To truly develop the capabilities needed for the first long-duration exploration missions, ISM is generating the requirements for an integrated multi-material Fabrication Laboratory (‘Fab Lab’) that will be capable of manufacturing multi-material parts with embedded electronics, autonomous operations, inspection capability, and optimized performance for volume, accuracy, repeatability, etc.  The first generation Fab Lab will be a rack facility on the ISS competed via a Broad Agency Announcement (BAA) in 2017.  Near-term objectives that inform the requirement development include continued operations of the 3D Printer Tech Demo (Small Business Innovation and Research (SBIR)) onboard the ISS, use of a commercial Additive Manufacturing Facility (AMF) printer (also SBIR and CASIS) scheduled to be delivered to the ISS in FY16, and the characterization of ground and space-printed parts to determine microgravity effects, if any.  Other FY16 work includes the development of an in-space recycler demonstration for the ISS in FY17 (via SBIR) and multiple SBIRs to identify and evaluate common-use materials that can initially serve as packaging and stowage materials, then be recycled into raw feedstock for the additive manufacturing of new parts.

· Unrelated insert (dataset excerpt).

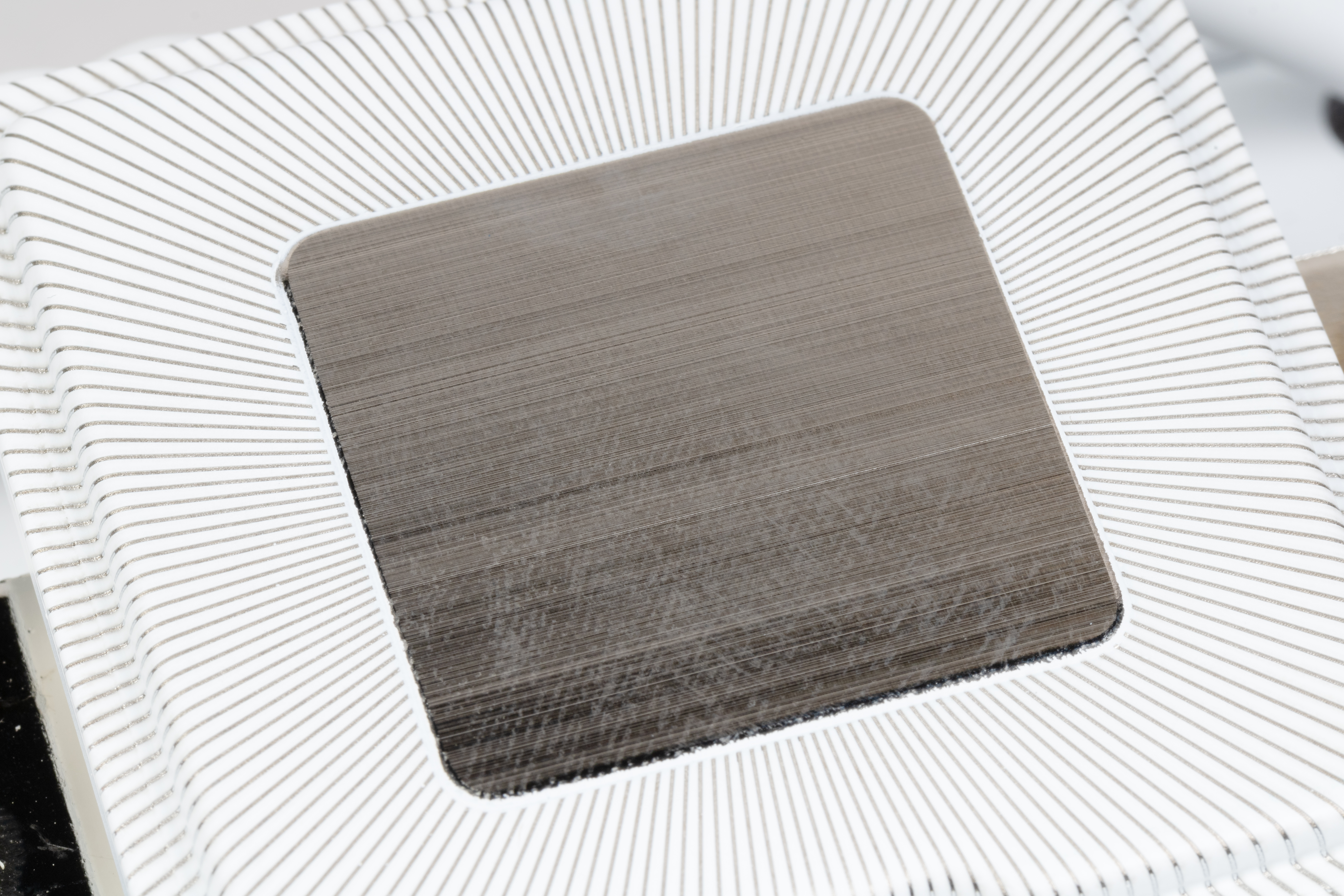 Несмотря на внешний вид, она гладкая. По сути это расплющенная тепловая трубка, имеющая прямой контакт с процессором, и снимающая с него тепло более эффективно, чем традиционные конструкции. Потенциальный минус — очень маленькое пятно контакта: всего 32×32 мм, что значительно меньше «бронекрышки» современных процессоров. Преднанесенного термоинтерфейса нет, но производитель приложил к кулеру небольшой шприц с фирменной термопастой.
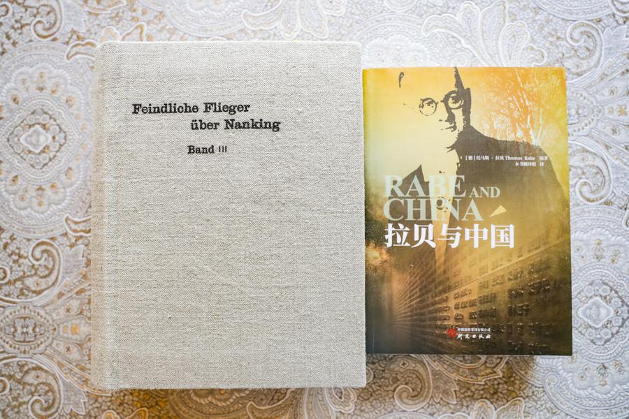 Foto tirada em 7 de agosto de 2025 mostra versão alemã dos diários de John Rabe e um livro sobre ele, "Rabe e a China", no Centro de Comunicação John Rabe em Heidelberg, Alemanha. (Xinhua/Zhang Fan)

These new 3-D printing technologies will provide the capability to produce hardware on-demand, directly lowering costs and decreasing risk by having the exact part or tool needed in the time it takes to print. This capability will also provide the much-needed solution to the cost, volume, and up-mass constraints that prohibit launching everything needed for long-duration or long-distance missions from Earth, including spare parts and replacement systems. This project is the first step towards realizing a “machine shop” in space, which is a critical enabling component of any deep space exploration mission.